The best we could hope for in such a situation is that we realise the
immediacy of the "real" problems, and start to focus on those, arresting the
decline before it becomes too severe. I have an (unfounded) expectation that
the process of switching our (i.e. humanity's) productive capacity to focus on
the "real" problems would be characterised by cooperation rather than
competition, because the adversity required for progress would already be
there, and we wouldn't need competition to create it.

If humanity becomes more fragmented during that process (see the rise of the
isolationist right around the world), then we would run the risk of that
cooperation being focused on destructive goals - that would seem to me to be
along the lines of the worst-case scenario.

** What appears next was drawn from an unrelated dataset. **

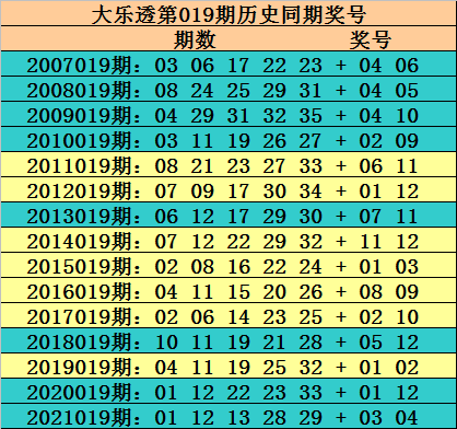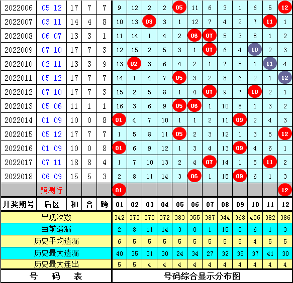 四、后区分析:在019期历史同期开奖中,后区全奇组合出现2次,全偶组合出现3次,一奇一偶组合出现10次;后区全大组合开出3次,全小组合开出5次,一大一小组合开出7次。本期后区两码关注01、12。
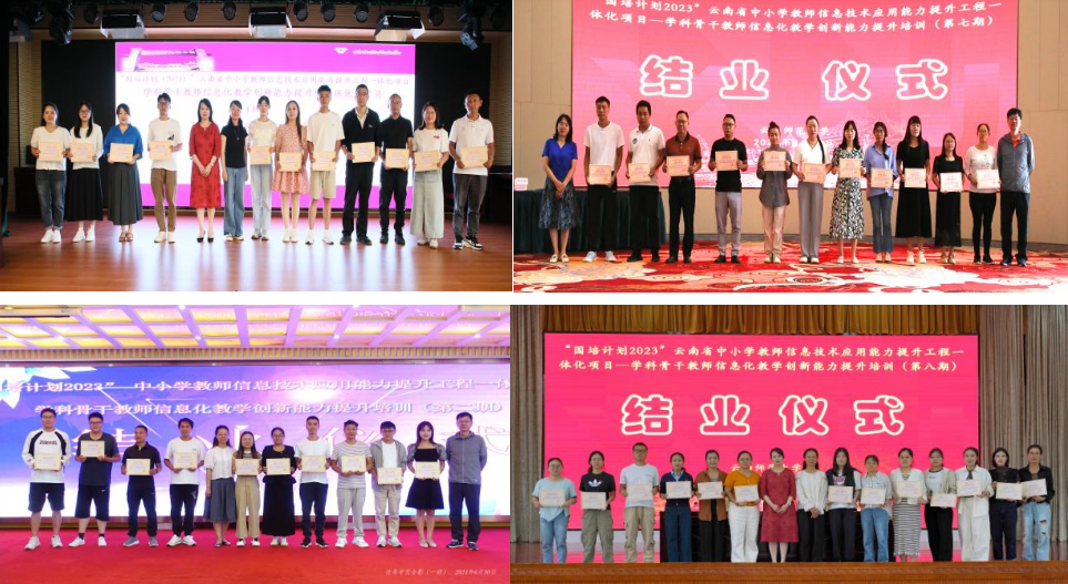 8月25日,项目第七期、第八期结业仪式在泸西举行。仪式上,各班优秀学员代表分享了培训期间的所学所思所悟,并就下一步如何将所学知识应用到教育教学工作中提出了自己的设想和计划,以期应对教育数字化转型的挑战,适应数字化时代的教育需求。继续教育学院院领导为优秀学员颁发了荣誉证书,希望学员们将所学所得带回课堂,鼓励大家在工作中继续努力,不断提升。

It strikes me that a lot of that is my interpretation of some of what is in
Joseph A. Tainter's "The Collapse of Complex Societies", which I saw
recommended on here, and subsequently read. I heartily re-endorse the
recommendation (I did a search to see if I could work out whose recommendation
it was that pushed me to read it, but I'm afraid I can't work out which it
might be, for which I apologise).

------
ilostmykeys
the war against any emotion other than "happy", is a real thing, but it's also
something that we do subconsciously because of lack of grounding

------
nxzero
Unlikely that it's possible to be truly happy unless you know it's possible to
be unhappy; aka lack of free will is often a killer.